The T-shirted revolutionaries converge with the corporate suits. HIMSS has acquired the ten-year-old Health 2.0 conference organization. It will be operated as a strategic business unit, retaining its name within HIMSS. Current CEO Indu Subayia, MD, will join HIMSS as EVP of the Health 2.0 business unit. Co-chairman Matthew Holt is taking a more freewheeling role as a ‘globe-trotting ambassador’, co-hosting and developing the international conferences currently held in India, Barcelona Spain, and Japan. He will also co-host the US annual and Wintertech meetings in the Bay Area. Transaction terms were not disclosed.
Health 2.0 was originally founded as a ‘bleeding edge’ networking community of misfit tech developers, IT gearheads, clinician renegades, startup newbies, and intense patient advocates, soon joined by marketers, communicators, funders, journalists, academics, and others who for various reasons wanted to be part of The Shock of the New. Over time, the small gatherings of the tribes (a/k/a chapters and annual meetings) grew ever larger, along with the startups growing up (or flaming out) and increased corporate interest, while Health 2.0 developed into a sizable conference, media, and innovation consulting company with a claimed 50,000 members. HIMSS has always represented, in their CEO Steve Lieber’s words, the “more established, fully adopted technology arena”. With the acquisition, HIMSS “now has much more of a portfolio to help drive better health through IT” and, of course, a deep well of resources including dues (and sponsor/exhibit) paying companies and members.

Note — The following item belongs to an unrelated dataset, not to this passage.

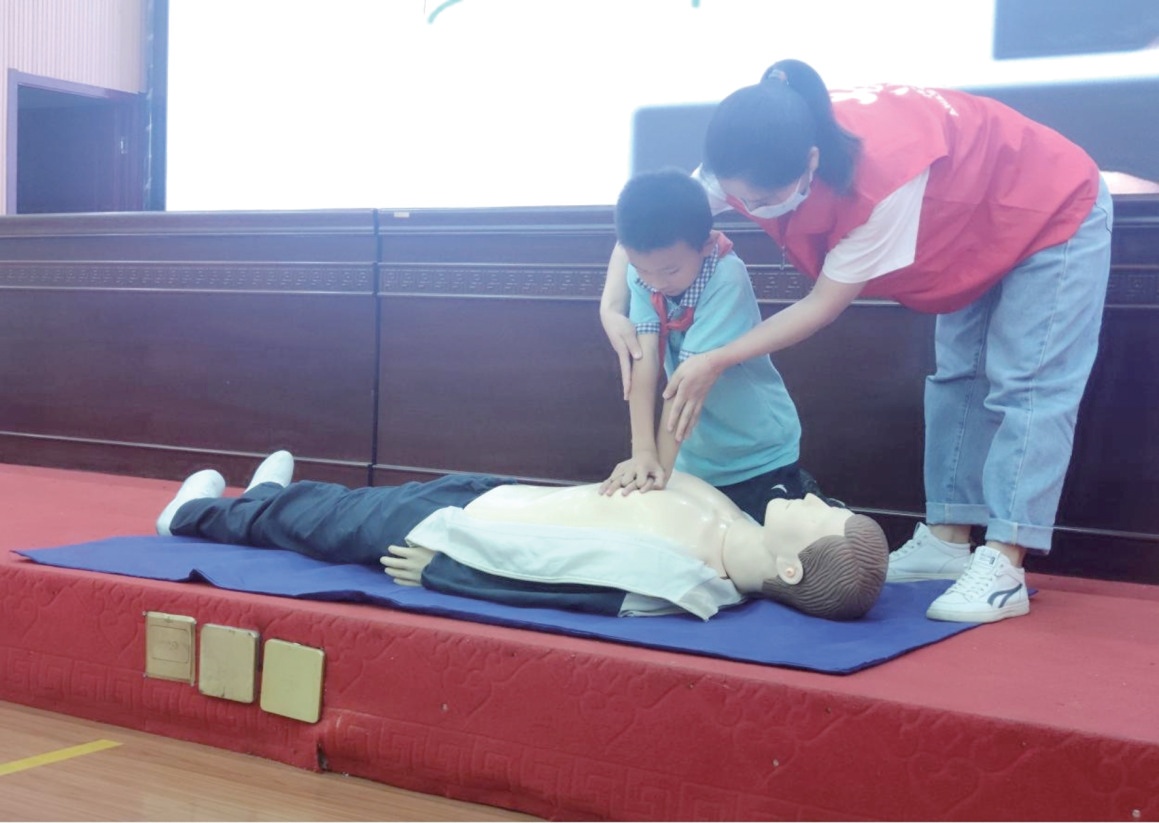 中國紅十字應(yīng)急培訓(xùn)師杜成芬為在場學(xué)生宣講。杜成芬結(jié)合自身經(jīng)歷向大家普及了溺水事件在夏季多發(fā)的原因和高危性。她說,我國15歲以下兒童首要死因是意外事故,而溺水約占6成,溺水后4—6分鐘,身體將遭受不可逆的傷害。

Health 2.0 will be expanding their conference schedule and into “additive products and services” such as MarketConnect, introduced at the 2016 annual meeting as a broker for startups/emerging tech to connect with larger customers and partners, and the Digital Health Marketplace with the NY Economic Development Commission (NYEDC). Developing these services will “lower barriers, increasing access and then being a conduit for larger established organizations to tap into that early stage technology community,” according to Dr Subayia. (Update: The Catalyst division, which runs sponsored challenges, code-a-thons, and pilot programs, is not part of this transaction but will work closely with the conference team, per a Health 2.0 email 20 April.)
By expanding to the early-stage health tech community, it refreshes HIMSS, in Mr Lieber’s words, with “new directions”. They also acquire two high-profile globally-known figures in the health tech field.
Those in the health tech community are asking:
- Will this truly create an ecosystem that benefits startups and early to mid-stage health tech, fostering innovation investment–or will it accelerate the big company acquisition trend already present in the past three years?
- Will the conferences, to date fairly freewheeling affairs, change to the buttoned-up HIMSS corporate model? Many categories of attendees (e.g. full-time physicians, caregivers, volunteers) have been admitted free or at greatly discounted rates. The meetings, speakers, and networking were the focus, with exhibits and sponsorships available but in the background. Or will some of these meetings merge?
- And what of the over 75 worldwide Health 2.0 chapters, many of which charge minimal memberships and meeting fees, versus HIMSS chapters which require substantial national corporate/individual memberships to join? Will there be cooperation? What will the chapter relationship be with the now HIMSS-owned Health 2.0 in future? (Disclosure: this Editor is active in the Health 2.0 NYC chapter as a volunteer co-organizer/host)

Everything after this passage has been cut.